Model Export and Compilation

Relevant source files

This page covers the mechanisms in transformers for exporting models to portable formats and compiling them for optimized inference. It includes the torch.export / ExecuTorch workflow, torch.compile compatibility requirements, and the hub-based kernel injection system.

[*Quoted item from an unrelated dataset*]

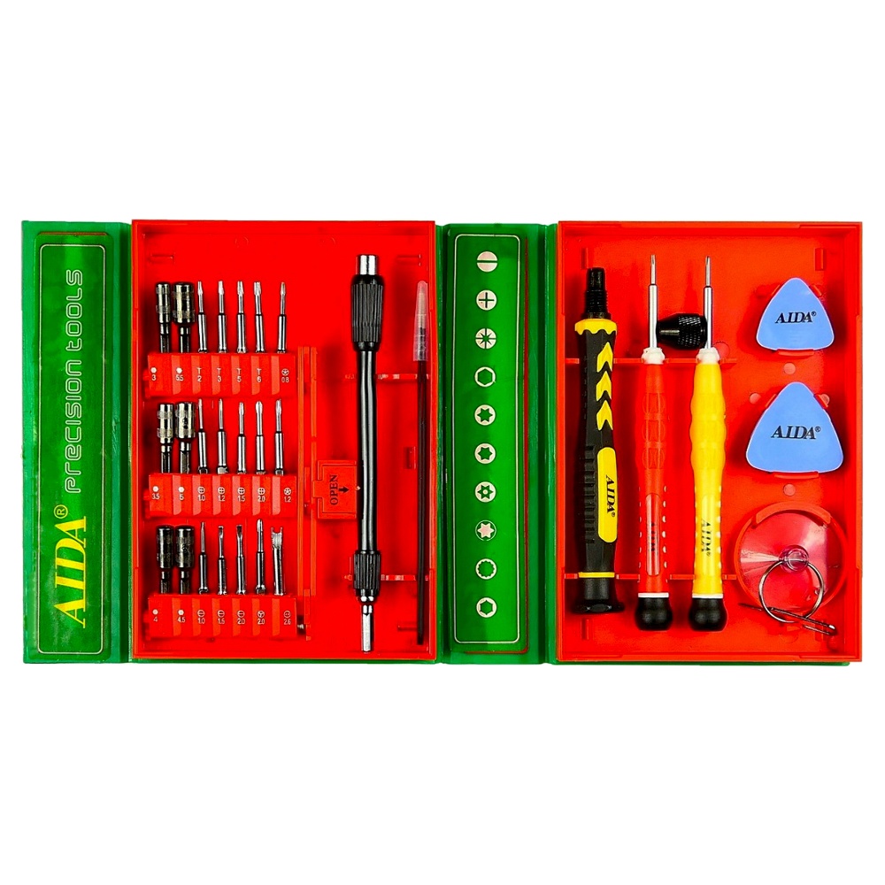 Набір інструментів Aida AD-3001 (викрутка з бітами 21шт, подовжувач, викрутки *0.8 і Y0.6, пінцет, 2 медіатори, присоска)

For cache implementations (StaticCache, HybridCache, etc.) that underpin export compatibility, see page 4.3. For quantization-related compilation hooks, see 6.1.

Overview

The library provides three distinct but related mechanisms for accelerating inference beyond standard eager-mode execution:

Mechanism	Entry Point	Use Case
`torch.export` + ExecuTorch	`TorchExportableModuleForDecoderOnlyLM`	Ahead-of-time model portability (mobile, edge)
`torch.compile`	`torch.compile(model.forward, ...)`	GPU kernel fusion with `StaticCache`
Hub kernels	`use_kernel_forward_from_hub` decorator	Drop-in production kernels from HF Hub

All three paths depend on having predictable tensor shapes. Dynamic caches (variable-length KV) prevent graph capture; StaticCache and HybridCache provide fixed-shape KV tensors required for compilation and export.

torch.export / ExecuTorch Workflow

Class Hierarchy

The entry point for decoder-only LM export is TorchExportableModuleForDecoderOnlyLM. Its __init__ inspects the model config and dispatches to the appropriate cache-aware wrapper.

ExecuTorch Export Class Hierarchy

Sources: src/transformers/integrations/executorch.py184-222

TorchExportableModuleForDecoderOnlyLM

Defined in src/transformers/integrations/executorch.py184-337

Constructor (__init__):

Accepts a PreTrainedModel plus optional batch_size, max_cache_len, device.
Checks config.use_cache. Raises ValueError if disabled.
Dispatches to TorchExportableModuleWithHybridCache when config.layer_types exists and config.sliding_window is non-null; otherwise dispatches to TorchExportableModuleWithStaticCache.

forward(input_ids, inputs_embeds, cache_position): Delegates to the inner model's forward. Signature is kept minimal (no attention_mask, position_ids) to maintain a clean export boundary compatible with ExecuTorch's LLM runner.

export(input_ids, inputs_embeds, cache_position, dynamic_shapes, strict): Calls torch.export.export with the module and provided inputs. Returns a torch.export.ExportedProgram. The dynamic_shapes argument lets callers declare which dimensions are dynamic (e.g., variable prefill length).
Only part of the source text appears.